In the 2nd quarter of 2022, corporate taxes have replaced VAT as the second most important source of tax revenue. This is likely due to increased profits from mining companies. Corporate taxes were also the primary form of revenue in the late 2000s, the previous commodity boom likely propelled by China’s growth.
The above graph shows that the consumer price inflation has increased after the lows of 2020, with the inflation driven by increase in the price of goods. While the inflation growth for services has been far more limited. This could be a hint that the increase in inflation is driven by supply side factors rather than demand. As a result of increased inflation, South Africa’s nominal GDP has increased to a higher level than expected. South Africa’s National Treasury predicts that a higher-than-normal inflation and nominal growth rate will persist for the next two years.
This higher inflation has supported the National Treasury’s fiscal consolidation strategy — which was based on keeping nominal expenditure relatively constant, while real expenditure would decline. A constant nominal expenditure hasn’t entirely been the case, as there has been increased wages and “additional resources to support low-income households”. The National Treasury is predicting fiscal revenue to be greater than non-interest expenditure in 2024.
As a result of both higher nominal GDP growth and increased revenue, South Africa’s gross debt-to-GDP ratio is expected to peak at 71.1% in the 2022/23 fiscal year. This is three years earlier and at a lower level than predicted in the 2021 budget review and the 2021 MTBPS. Increased commodity prices and higher inflation were vital for limiting the increase in public debt in terms of GDP, something South Africa’s National Treasury recognizes:
“The improvement in the pace of debt stabilization is largely a result of higher-than-anticipated inflation and revenue.” (2022 MTBPS p.2)
“Over the past two years, South Africa’s broad recovery from the COVID-19- induced crisis of 2020 was supported by higher global commodity prices, which improved export and fiscal revenues” (2022 MTBPS p.3)
The relatively high maturity of South Africa’s public debt was essential in ensuring that higher inflation reduced the real value of public debt. It was prudent of South Africa’s National Treasury to focus the structure of public debt based on a longer maturity and rand denomination.
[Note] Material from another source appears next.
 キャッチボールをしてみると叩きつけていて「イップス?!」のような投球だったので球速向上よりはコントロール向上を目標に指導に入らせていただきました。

Even though borrowing at a shorter maturity and in US dollars would mean lower interest costs. If that were the case, then the current weaker currency and higher marginal cost of debt would have likely seen a higher debt-to-GDP ratio.
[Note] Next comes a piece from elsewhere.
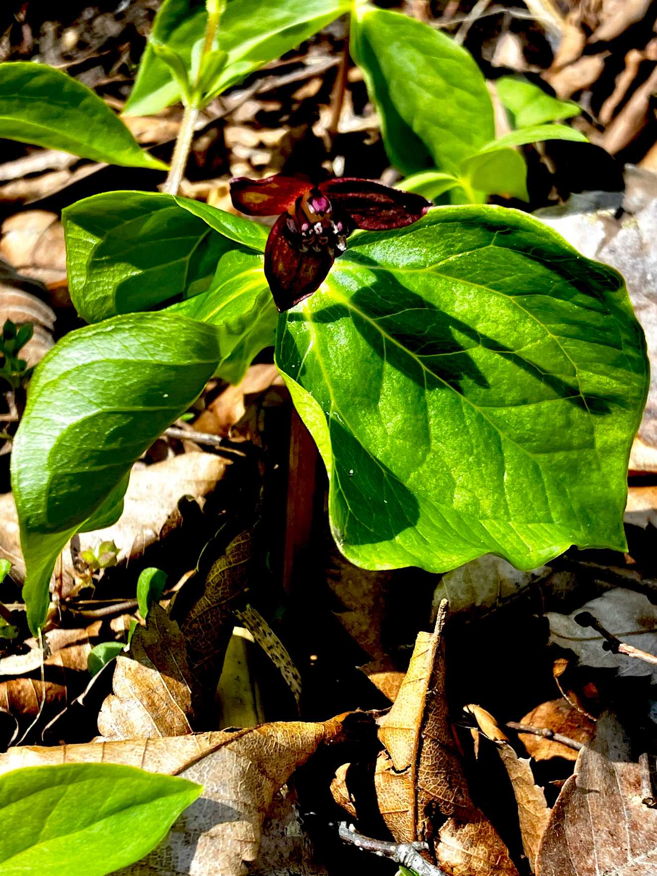 茎の上部に3枚の菱形の葉を輪生させ、花は緑~紫色の萼片3枚のみで構成!

There are several risks to the forecast for the path of public debt. The current commodity boom, like the previous before it, is likely temporary. There is also pressure for increased social spending, public-service wages and support for state owned enterprises. The most recent MTBPS includes a mention of how the government plans to take over a portion of Eskom’s debt. This is concerning as Eskom’s debt has a higher percentage of foreign denominated debt when compared to that of National Treasury, as shown in the table below. However not to the degree that it would derail National Treasury’s fiscal consolidation plan.